Source material ▸
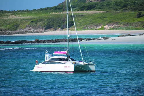 This report focuses on multihulls, because that is what we sail, but most of what we learned from this project can be applied to monohulls, as well. Our catamaran Josepheline is 38-feet with a 22.5-foot beam and draws 3.25 feet, weighing in at about 7 tons in full cruising mode. To put this into context our cat is the equivalent in windage to a 45-foot 13-ton monohull.
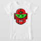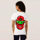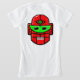Une tête de robot en rouge avec un élégant panneau en forme de croissant vert, un troisième oeil vert, avec des dents blanches et des reflets. Il a une sorte de grain bizarre comme s'il a découvert les merveilles d'une nouvelle huile à moteur révolutionnaire. D'un dessin vectoriel original de N.A. Berry. Le motif est répété à la fois sur le dos et sur le devant.
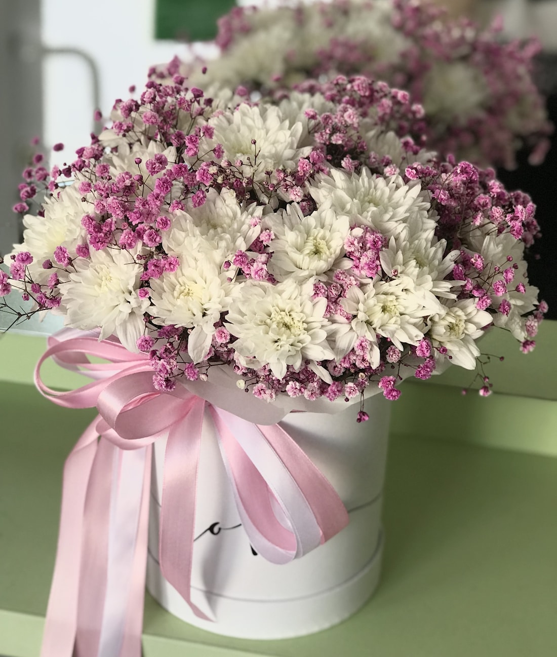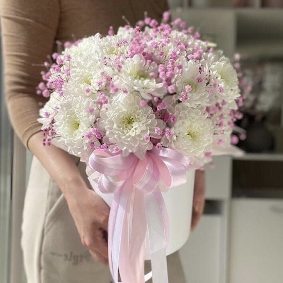 Состав: хризантема - 5шт, гипсофила - 3шт.
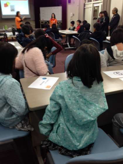 第二音楽室では、キッズマネースクール認定講師 草野 麻里さんによるお金のお話がありました。「7人の小人と世界のお金」と題して、お芝居やゲームを通じてわかりやすく教えていただきました。

Task brief ▸
Extract, word for word, every line from the one holding "Состав: хризантема - 5шт, гипсофила - 3шт." through the closing line of the data above. Do not include any pictures.

Solution to this exercise ▸
 Состав: хризантема - 5шт, гипсофила - 3шт.
 第二音楽室では、キッズマネースクール認定講師 草野 麻里さんによるお金のお話がありました。「7人の小人と世界のお金」と題して、お芝居やゲームを通じてわかりやすく教えていただきました。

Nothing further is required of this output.